Eugene Kaspersky said "Flame" is comparable to the infamous "Stuxnet" virus built by programmers to attack Iran's computers, and slow down the nuclear program of the Islamic Republic.

Some computer security firms say Kaspersky's researchers have hyped Flame, noting "it is too early to call virus a cyber weapon and suggest it was sponsored by a state".

Eugene Kaspersky said his company tackled Flame upon the request of the International Telecommunications Unit, a branch of the United Nations. He assigned about three dozen engineers to investigate a virus that was erasing files on computers at Iran's oil ministry.

Kaspersky researchers, some of whom had analyzed suspected United States and Israeli viruses that destroyed centrifuges in Iran's nuclear program two years earlier, were already following up on complaints from Iranian clients that Kaspersky's antivirus software was not catching a new type of malware on their systems, Kaspersky officials said.

"We saw an unusual structure of the code, compressed and encrypted in several ways," Vitaly Kamlyuk, a researcher on the team that cracked the virus.

It was the first virus to look for Bluetooth-enabled devices in the vicinity, either to spread to those devices, map a user's social or professional circle, or steal information from them.
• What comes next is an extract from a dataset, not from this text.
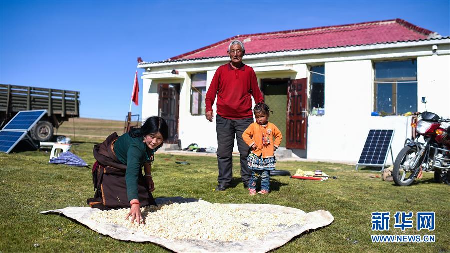 來(lái)自北京的援青醫(yī)生深入牧區(qū)為患者看?。?018年9月7日攝)。 新華社發(fā)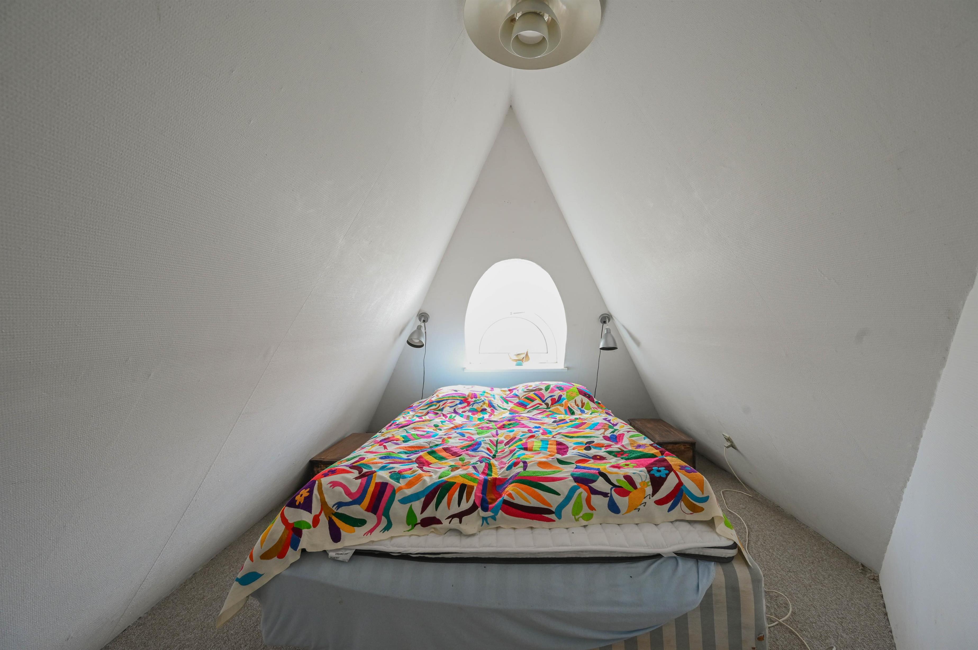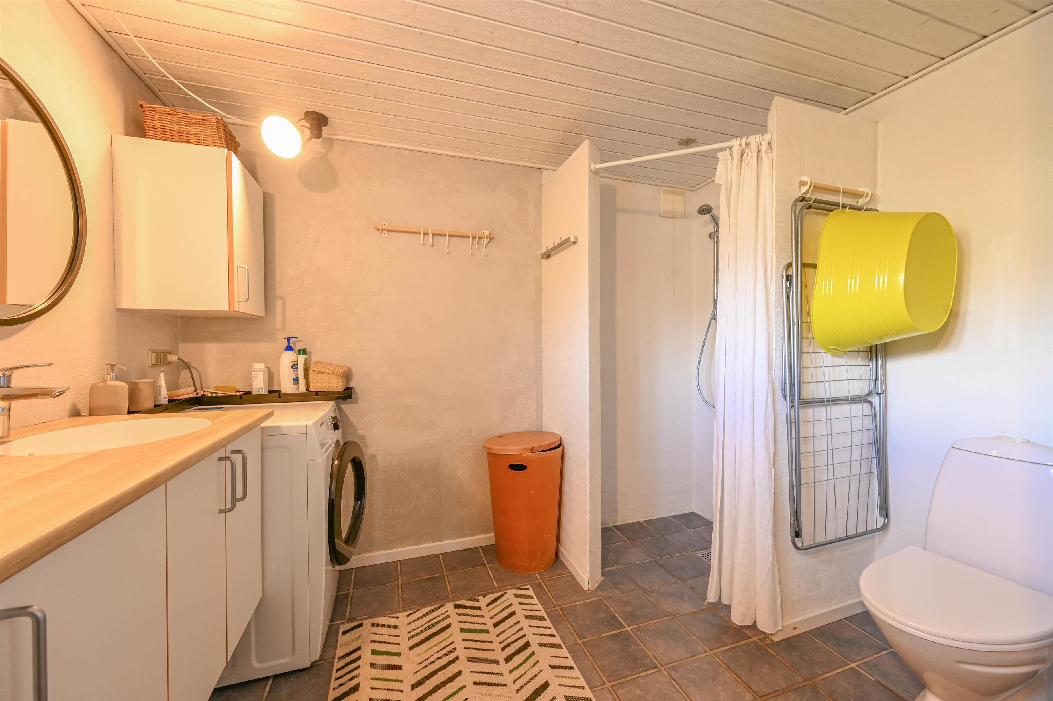 Derudover findes et godt soveværelse med dobbeltseng samt et badeværelse med bruser.

The program also contained a command called "microbe" that silently turned on users' microphones to record their conversations and sent audio files back to the attackers. It was clearly not a virus made by criminals.

"Antivirus companies are in a not easy situation," Mr. Kaspersky said. "We have to protect our customers everywhere in the world. On the other hand, we understand there are quite serious powers behind these viruses."